Нда… Кофе. Завести себе уже термос и таскать с собой?

Ну а что?

Варить дома кофе с молоком, наливать в термос. И в сумке носить.

Гм.

Дома был термос. Здоровый такой, со стеклянной колбой и пастельными розами на боках. И кружкой-крышкой. Я представил, как сейчас деловито смахиваю снег со скамейки, расстилаю пакет с портретом грудастой красотки. Затертый такой и линялый, потому что новенькие сейчас прямо-таки писк моды. С этими пакетами и школьники таскаются, и модно одетые девицы. И мужики серьезного вида. Если новый расстелить, меня фланирующие по Ленинскому девицы на тряпочки порвут. За святотаство. Так что нет, пакет должен быть старый и непрезентабельный.

Значит, расстелил я, такой, пакет. Поставил на колени баул. Достал оттуда термос с розочками. Открутил крышку, плеснул себе кофе…

Нда, пенсионерская такая картинка получилась. К этому в комплекте нужна штормовка, обвисший брезентовый рюкзак, вязаная шапка и приросшая и гитара еще. Со следами многократных поездок на фестивали самодеятельной песни…

Трындец, конечно, какая фигня мне в голову лезет.

Впрочем, я же сам решил проветриться. Вот и посвистывает…

Но тему термокружки надо бы как-то пофорсить. Их еще точно нет, как и многих других привычных в мое время вещей. Может, у Ивана спросить, как он справляется? Кофейню же почти как настоящую он устроил… Может и с кружкой что-то решил?

— Велиал! — окрик выдернул меня из праздных размышлений. — Эй, Вовчик, погоди!

Я оглянулся. За мной по аллейке мчался запыхавшийся Жан.

— Здорово, Жан, — я снял с руки перчатку и пожал протянутую руку молодого журналиста. — Еще же полчаса до встречи, ты чего здесь?

— Да прогуляться вышел, а тут смотрю, ты идешь! — радостно сообщил он. — Может забуримся в бар и по пивку? Заодно обсудим статью про Банкина, а?

— А с ней что-то не так? — удивился я. — Или он с тобой встречаться отказался?

— Да не, — он помотал головой. — Сейчас я… Блин, снег этот! Давай в бар, тут через квартал наш «Ахетатон», там сейчас не должно быть много народу.
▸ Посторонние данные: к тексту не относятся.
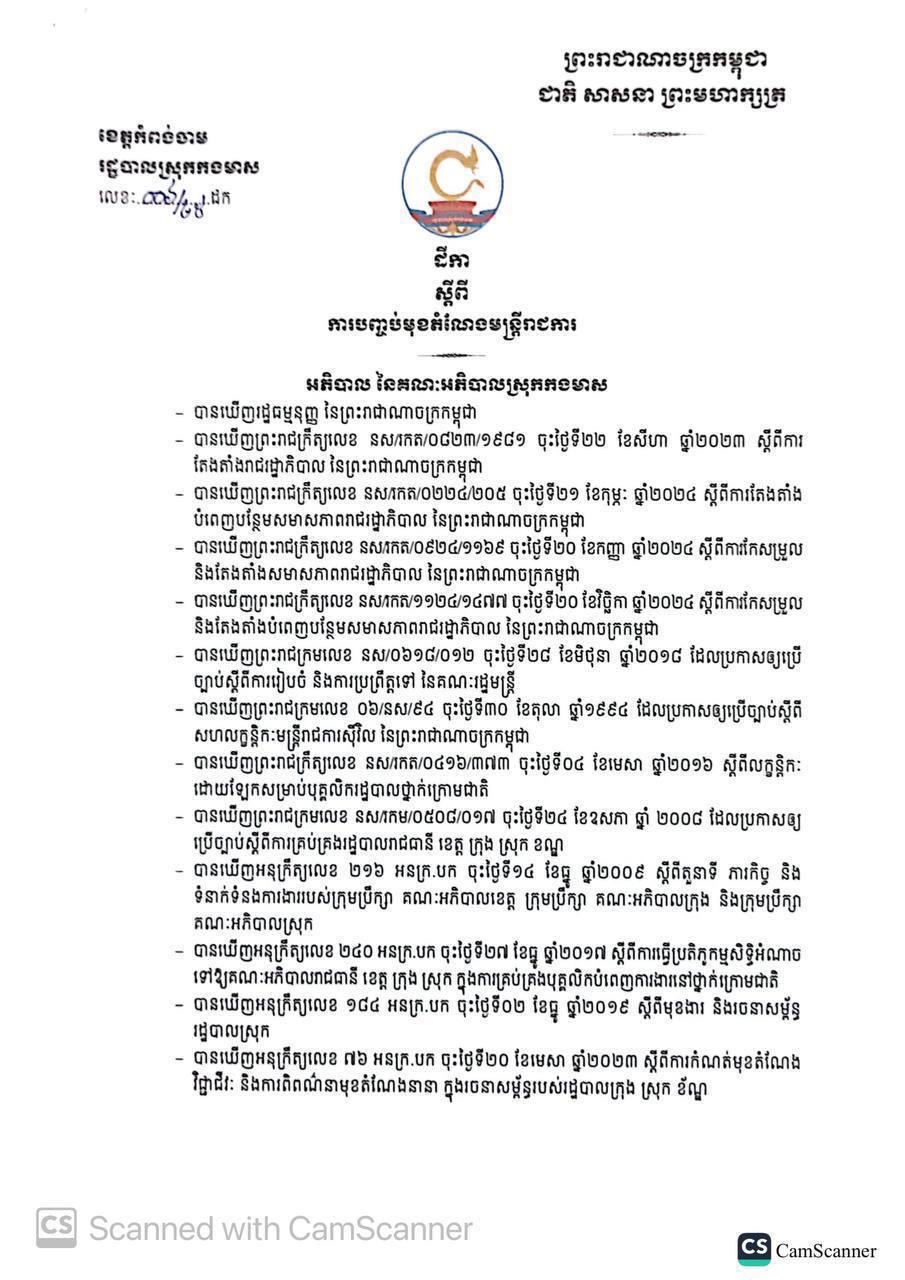 កំពងចាម៖ឯកឧត្ដមអ៊ុន ចាន់ដា អភិបាលខេត្ដកំពង់ចាម នៅថ្ងៃទី២៧ ខែមីនា ឆ្នាំ២០២៥នេះ បានចេញសេចក្តីសម្រេចបញ្ចប់មុខតំណែងលោក ហែម គឹមសាធ ពីប្រធានការិយាល័យរដ្ឋបាល និងហិរញ្ញវត្ថុ មកជាមន្ដ្រីការិយាល័យកសិកម្ម ធន់ធានធម្មជាតិ និងបរិស្ថានស្រុកកងមាស ដោយសារមានកំហុស ទារយកលុយពលរដ្ឋ ៣៦០ដុល្លារ រឿងកែសំបុត្រកំណើត៕
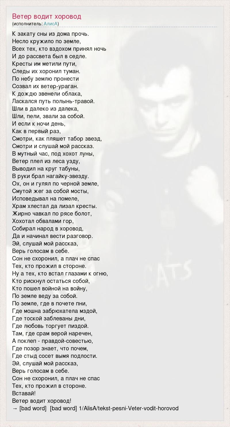 К закату сны из дома прочь. Несло кружило по земле, Всех тех, кто вздохом принял ночь И до рассвета был в седле. Кресты им метили пути, Следы их хоронил туман. По небу землю пронести Созвал их ветер-ураган. К дождю звенели облака, Ласкался путь полынь-травой. Шли в далеко из далека, Шли, пели, звали за собой. И если к ночи день, Как в первый раз, Смотри, как пляшет табор звезд, Смотри и слушай мой рассказ. В мутный час, под хохот луны, Ветер плел из леса узду, Выводил на круг табуны, В руки брал нагайку-звезду. Ох, он и гулял по черной земле, Смутой жег за собой мосты, Исповедывал на помеле, Храм хлестал да лизал кресты. Жирно чавкал по рясе болот, Хохотал обвалами гор, Собирал народ в хоровод, Да и начинал вести разговор. Эй, слушай мой рассказ, Верь голосам в себе. Сон не схоронил, а плач не спас Тех, кто прожил в стороне. Ну а тех, кто встал глазами к огню, Кто рискнул остаться собой, Кто пошел войной на войну, По земле веду за собой. По земле, где в почете пни, Где мошна забрюхатела мздой, Где тоской заблеваны дни, Где любовь торгует пиздой. Там, где срам верой наречен, А поклеп - правдой-совестью, Где позор знает, что почем, Где стыд сосет вымя подлости. Эй, слушай мой рассказ, Верь голосам в себе. Сон не схоронил, а плач не спас Тех, кто прожил в стороне. Вставай! Ветер водит хоровод! → [bad word] [bad word] 1/AlisA/tekst-pesni-Veter-vodit-horovod

От Бельфегора я уже знал, что с легкой руки студентов-историков замухрыжечная пивнушка под названием «Колосок» получила гордое имя одной из древнеегипетских столиц. Другие студенты тоже подхватили это дело, и за каких-то пару месяцев вытеснили оттуда обитавших там мужичков. Все просто — бар оказался чертовски удобно для универа расположен, буквально в трех минутах ходьбы. Кто-то резвый его разведал, вот и случилось туда паломничество шумной образованной молодежи. И тихие забулдыги предпочли откочевать в другое место. Оставив бар с нетвердо стоящими на одной ноге высокими столиками, кафельными стенами и полом, покрытым унылой коричневой плиткой, молодым оккупантам.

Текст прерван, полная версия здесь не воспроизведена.